Description of the task -
Look below for the line with "600gオーバーのボリュームとともにお楽しみください。 ![]() --![]()" and the line with "TELETHERAPY PATIENT CONSENT"; repeat exactly those two lines and all lines between them, but no pictures.

Material for this exercise -
- Opening Delimiter -

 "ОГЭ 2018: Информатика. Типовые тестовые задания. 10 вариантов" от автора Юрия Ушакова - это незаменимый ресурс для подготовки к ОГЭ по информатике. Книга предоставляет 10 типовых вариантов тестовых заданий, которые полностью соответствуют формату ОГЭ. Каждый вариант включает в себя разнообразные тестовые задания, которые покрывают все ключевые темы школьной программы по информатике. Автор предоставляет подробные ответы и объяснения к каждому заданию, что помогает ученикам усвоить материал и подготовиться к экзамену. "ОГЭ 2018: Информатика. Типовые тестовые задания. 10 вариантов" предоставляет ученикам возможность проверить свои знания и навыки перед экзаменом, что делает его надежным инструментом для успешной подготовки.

- Closing Delimiter -
- Opening Delimiter -

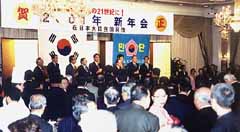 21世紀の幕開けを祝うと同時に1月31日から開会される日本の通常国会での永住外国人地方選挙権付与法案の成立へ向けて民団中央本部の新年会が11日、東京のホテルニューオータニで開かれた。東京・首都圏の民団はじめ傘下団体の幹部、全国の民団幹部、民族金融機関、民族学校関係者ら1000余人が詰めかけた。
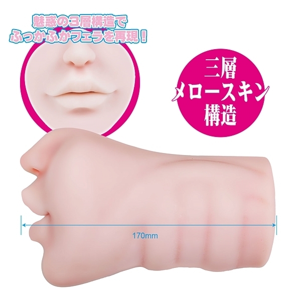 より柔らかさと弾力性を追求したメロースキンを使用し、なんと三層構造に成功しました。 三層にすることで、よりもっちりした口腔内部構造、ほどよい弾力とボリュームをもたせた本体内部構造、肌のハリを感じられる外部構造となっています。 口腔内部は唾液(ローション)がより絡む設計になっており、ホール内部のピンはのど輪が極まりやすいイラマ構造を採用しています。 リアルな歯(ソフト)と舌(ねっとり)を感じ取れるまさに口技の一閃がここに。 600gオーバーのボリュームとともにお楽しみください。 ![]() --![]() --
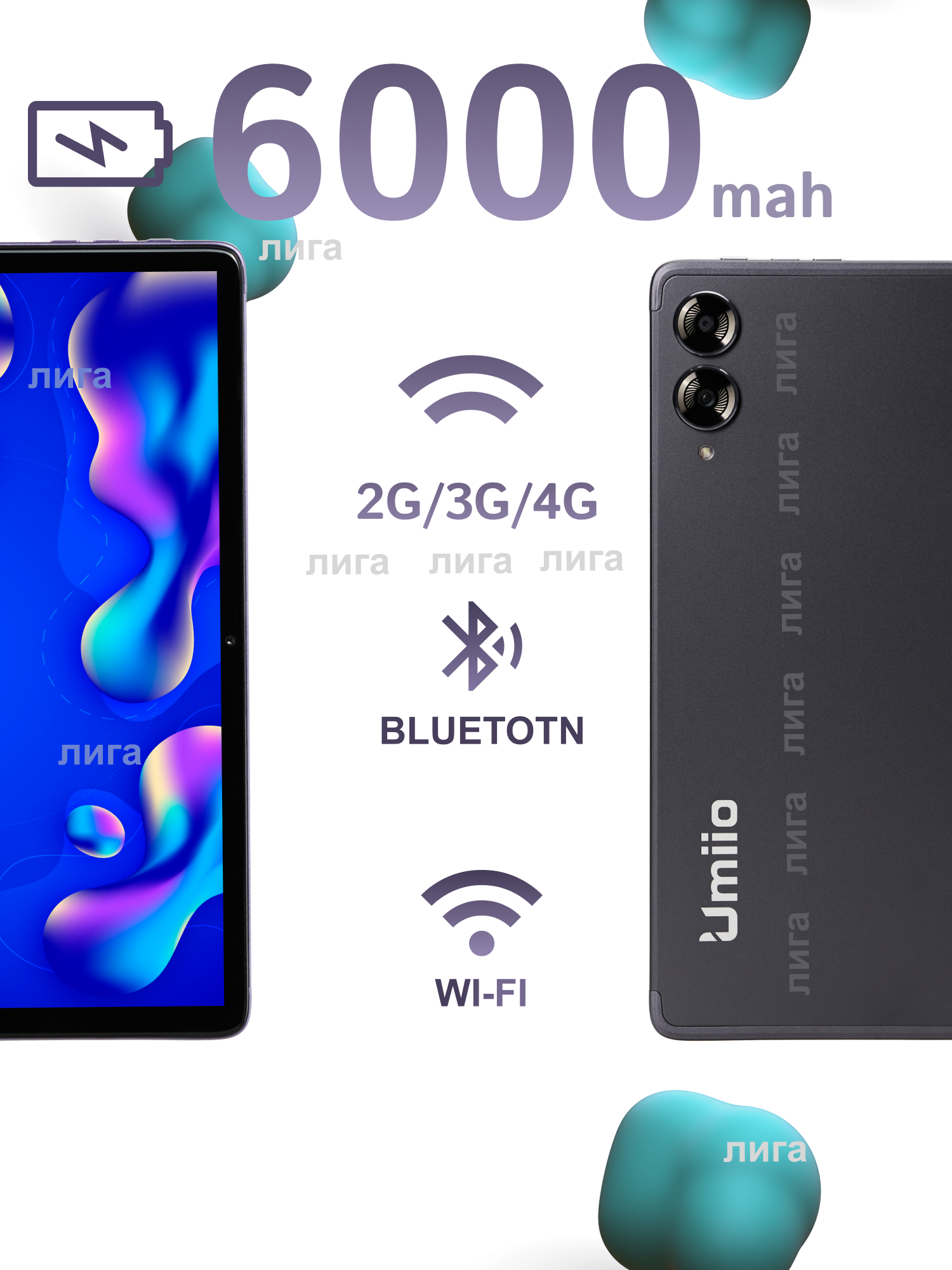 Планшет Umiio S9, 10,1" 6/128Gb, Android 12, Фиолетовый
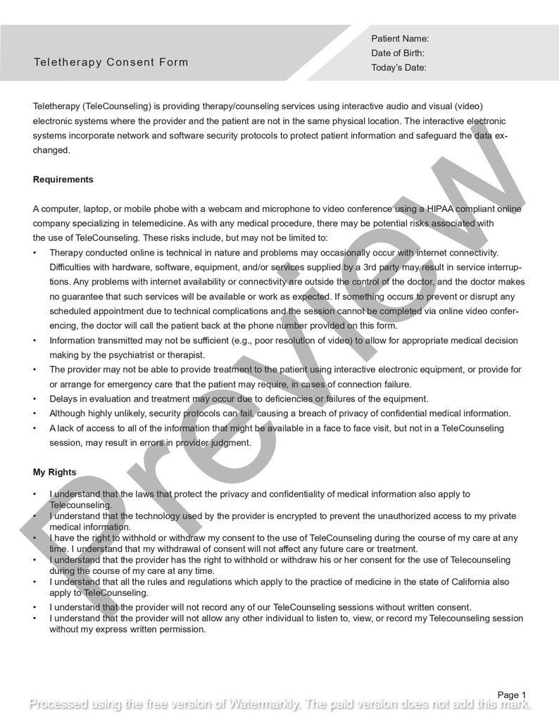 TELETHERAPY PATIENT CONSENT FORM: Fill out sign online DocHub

- Closing Delimiter -

Written solution -
 より柔らかさと弾力性を追求したメロースキンを使用し、なんと三層構造に成功しました。 三層にすることで、よりもっちりした口腔内部構造、ほどよい弾力とボリュームをもたせた本体内部構造、肌のハリを感じられる外部構造となっています。 口腔内部は唾液(ローション)がより絡む設計になっており、ホール内部のピンはのど輪が極まりやすいイラマ構造を採用しています。 リアルな歯(ソフト)と舌(ねっとり)を感じ取れるまさに口技の一閃がここに。 600gオーバーのボリュームとともにお楽しみください。 ![]() --![]() --
 Планшет Umiio S9, 10,1" 6/128Gb, Android 12, Фиолетовый
 TELETHERAPY PATIENT CONSENT FORM: Fill out sign online DocHub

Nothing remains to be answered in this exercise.